→ About this task:
Please copy the lines below, exactly as they are, from the one with "Molho cremoso baseado" through the one with "Enjoy the Magnificent", and leave out the pictures.

======== Provided records ========

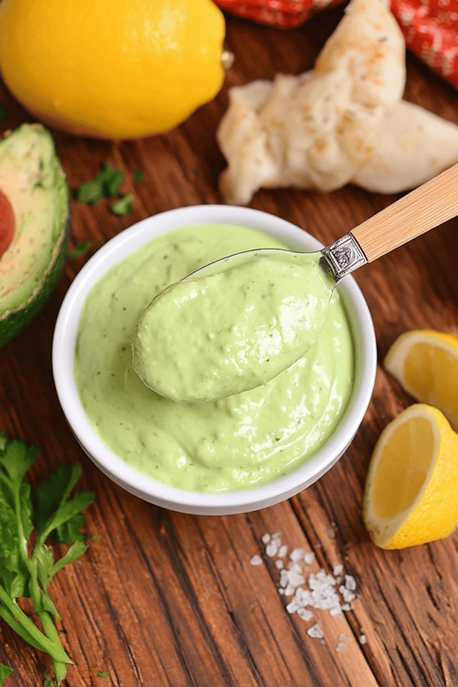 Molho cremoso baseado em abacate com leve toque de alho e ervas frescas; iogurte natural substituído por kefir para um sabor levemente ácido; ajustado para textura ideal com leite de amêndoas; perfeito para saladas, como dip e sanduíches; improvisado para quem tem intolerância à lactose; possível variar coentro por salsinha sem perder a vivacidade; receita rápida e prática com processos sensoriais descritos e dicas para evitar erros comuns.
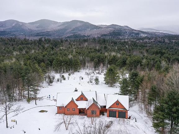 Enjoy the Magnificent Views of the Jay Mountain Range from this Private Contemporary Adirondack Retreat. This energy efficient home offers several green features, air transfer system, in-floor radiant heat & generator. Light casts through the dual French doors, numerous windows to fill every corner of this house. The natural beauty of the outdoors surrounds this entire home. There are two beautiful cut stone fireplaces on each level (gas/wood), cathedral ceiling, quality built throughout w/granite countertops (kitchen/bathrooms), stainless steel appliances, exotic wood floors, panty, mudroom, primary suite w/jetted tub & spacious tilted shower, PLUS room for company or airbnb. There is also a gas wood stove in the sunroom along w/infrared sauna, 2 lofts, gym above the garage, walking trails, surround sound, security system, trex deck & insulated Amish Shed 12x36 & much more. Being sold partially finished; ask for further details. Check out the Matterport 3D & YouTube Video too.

========
======== Provided records ========

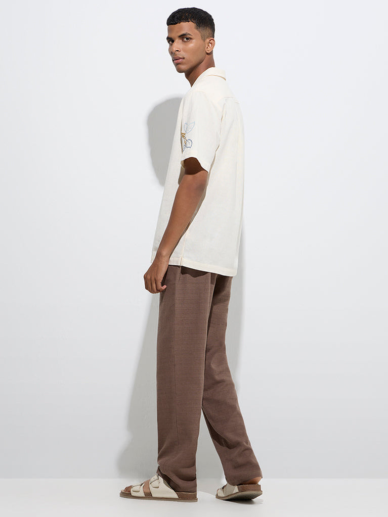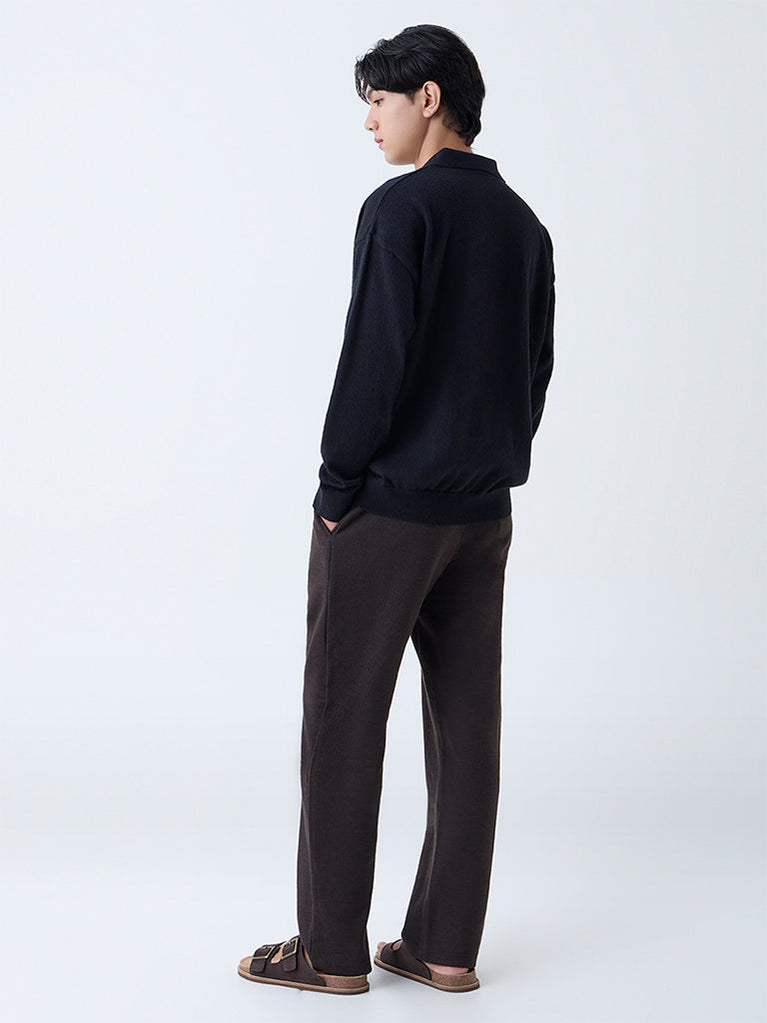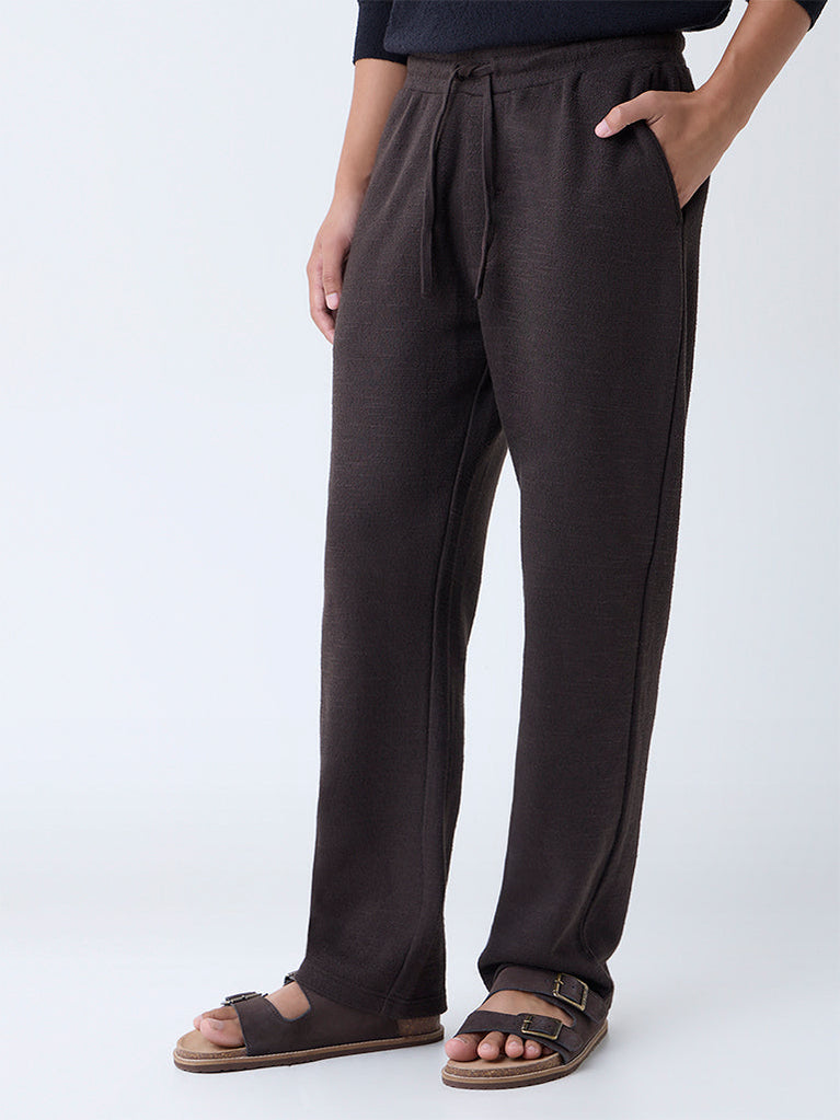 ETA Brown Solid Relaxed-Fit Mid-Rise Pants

========

→ Written answer:
 Molho cremoso baseado em abacate com leve toque de alho e ervas frescas; iogurte natural substituído por kefir para um sabor levemente ácido; ajustado para textura ideal com leite de amêndoas; perfeito para saladas, como dip e sanduíches; improvisado para quem tem intolerância à lactose; possível variar coentro por salsinha sem perder a vivacidade; receita rápida e prática com processos sensoriais descritos e dicas para evitar erros comuns.
 Enjoy the Magnificent Views of the Jay Mountain Range from this Private Contemporary Adirondack Retreat. This energy efficient home offers several green features, air transfer system, in-floor radiant heat & generator. Light casts through the dual French doors, numerous windows to fill every corner of this house. The natural beauty of the outdoors surrounds this entire home. There are two beautiful cut stone fireplaces on each level (gas/wood), cathedral ceiling, quality built throughout w/granite countertops (kitchen/bathrooms), stainless steel appliances, exotic wood floors, panty, mudroom, primary suite w/jetted tub & spacious tilted shower, PLUS room for company or airbnb. There is also a gas wood stove in the sunroom along w/infrared sauna, 2 lofts, gym above the garage, walking trails, surround sound, security system, trex deck & insulated Amish Shed 12x36 & much more. Being sold partially finished; ask for further details. Check out the Matterport 3D & YouTube Video too.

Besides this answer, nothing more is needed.